Q-Learning (Reinforcement Learning)¶


Structure

  1. Introduction
  2. The Math
  3. Problem Class
  4. Implementation — 5×5 Grid World
  5. Results
  6. Limitations

1. Introduction¶

Reinforcement Learning (RL) is a fundamentally different learning paradigm: instead of learning from labelled examples, an agent learns by interacting with an environment, receiving rewards for actions, and trying to maximise total reward over time.

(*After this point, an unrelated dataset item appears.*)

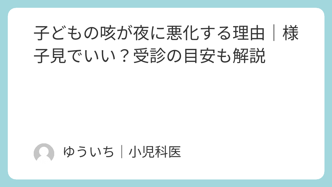 👉 咳の原因、経過、受診目安について小児診療の基本が整理されている

Intuition: imagine learning to navigate a maze. You start somewhere, take a step, and the environment tells you whether that was good (you moved closer to the exit) or bad (you hit a wall). You try again, remember what worked, and gradually learn the best path — without anyone ever showing you the map.

Key concepts:

  • State $s$: where the agent is (e.g. position in the maze)
  • Action $a$: what the agent can do (e.g. move up/down/left/right)
  • Reward $R(s, a, s')$: signal received after taking action $a$ in state $s$ and ending in $s'$
  • Policy $\pi(s)$: the strategy — which action to take in each state
  • Q-value $Q(s, a)$: the expected total discounted reward from taking action $a$ in state $s$, then acting optimally

Q-Learning learns the Q-values directly from experience by sampling transitions and updating estimates. No model of the environment is needed — the agent just tries things and updates.

2. The Math¶

Markov Decision Process (MDP)¶

Defined by $\langle S, A, T, R \rangle$ where:

  • $T(s, a, s') = P(s' | s, a)$ — transition probabilities
  • $R(s, a, s')$ — reward function

Discounted utility¶

$$U[s_0, s_1, \ldots] = \sum_{t=0}^{\infty} \gamma^t R(s_t) \quad 0 \leq \gamma < 1$$

$\gamma$ discounts future rewards — a reward now is worth more than the same reward later.

Bellman equations¶

$$V^*(s) = \max_a \sum_{s'} T(s,a,s')\left[R(s,a,s') + \gamma V^*(s')\right]$$

$$Q^*(s,a) = \sum_{s'} T(s,a,s')\left[R(s,a,s') + \gamma \max_{a'} Q^*(s',a')\right]$$

Q-value iteration by sampling¶

After observing transition $(s, a, r, s')$:

$$Q(s,a) \leftarrow Q(s,a) + \eta\left[r + \gamma \max_{a'} Q(s',a') - Q(s,a)\right]$$

The term in brackets is the TD error — the difference between the current estimate and a better estimate from the observed transition.

In [1]:
import numpy as np
import matplotlib.pyplot as plt
import matplotlib.patches as mpatches

fig, axes = plt.subplots(1, 2, figsize=(13, 4))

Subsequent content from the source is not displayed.